Air Berlin in code-sharing talks with Air France

BERLIN (Reuters) - German airline Air Berlin is in talks with French carrier Air France-KLM on a code-sharing agreement as it seeks to offer its customers more routes via partnerships, its chief executive said.

"There are talks. Now we have to see what the outcome is," Wolfgang Prock-Schauer told journalists on Tuesday. "I could certainly imagine that we agree a partnership," he added.

A person close to the matter told Reuters that Air Berlin and Air France aimed for a deal by the European summer.

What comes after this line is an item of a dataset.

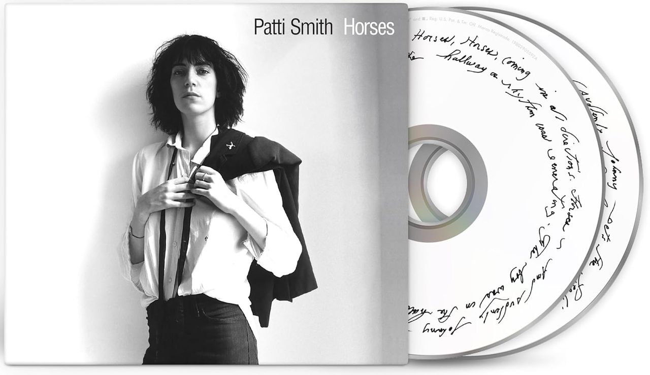PATTI SMITH Horses (2025 UK/EU 17-track double album 2-CD celebrating the 50th anniversary of one of the most influential debut albums in rock history. Horses revisits Patti Smith's 1975 masterpiece with stunning new remasters sourced directly from the original master tapes. Across two compact discs, this definitive edition presents the original album alongside a second disc of previously unreleased material, including RCA audition demos, alternate takes, and rare outtakes that illuminate the creative evolution behind Horses. The result is both a restoration and a revelation - a raw, poetic, and revolutionary work that continues to shape the language of rock. Presented in a gatefold picture sleeve with original cover artwork, hype sticker & factory sealed. Recommended)

Such a deal would be unusual in the airline sector as Air Berlin, Germany's second-biggest airline after Lufthansa , is part of the Oneworld alliance of airlines, while Air France is part of rival group SkyTeam.

Air Berlin has been looking to expand via partnerships such as code-shares, which allow carriers to sell tickets for each others' flights, to cope with deteriorating finances following a period of aggressive growth in the last decade.

It announced in October 2012 that it had struck a code-share agreement with Air France and Etihad but in the end that deal went ahead without the German carrier.

Air Berlin currently has code-shares with Oneworld members such as British Airways and Finnair but also with non-members such as Air Seychelles and Air Serbia.

CEO Prock-Schauer downplayed the importance of airline groups such as Oneworld and SkyTeam, saying alliances had "crossed their peak" and were no longer of great importance to airlines.

"There is a lot of cross-alliance cooperation going on," he said.

He echoed Etihad, owner of close to 30 percent in Air Berlin's stock, which is not a member of an alliance and has said it would not join one.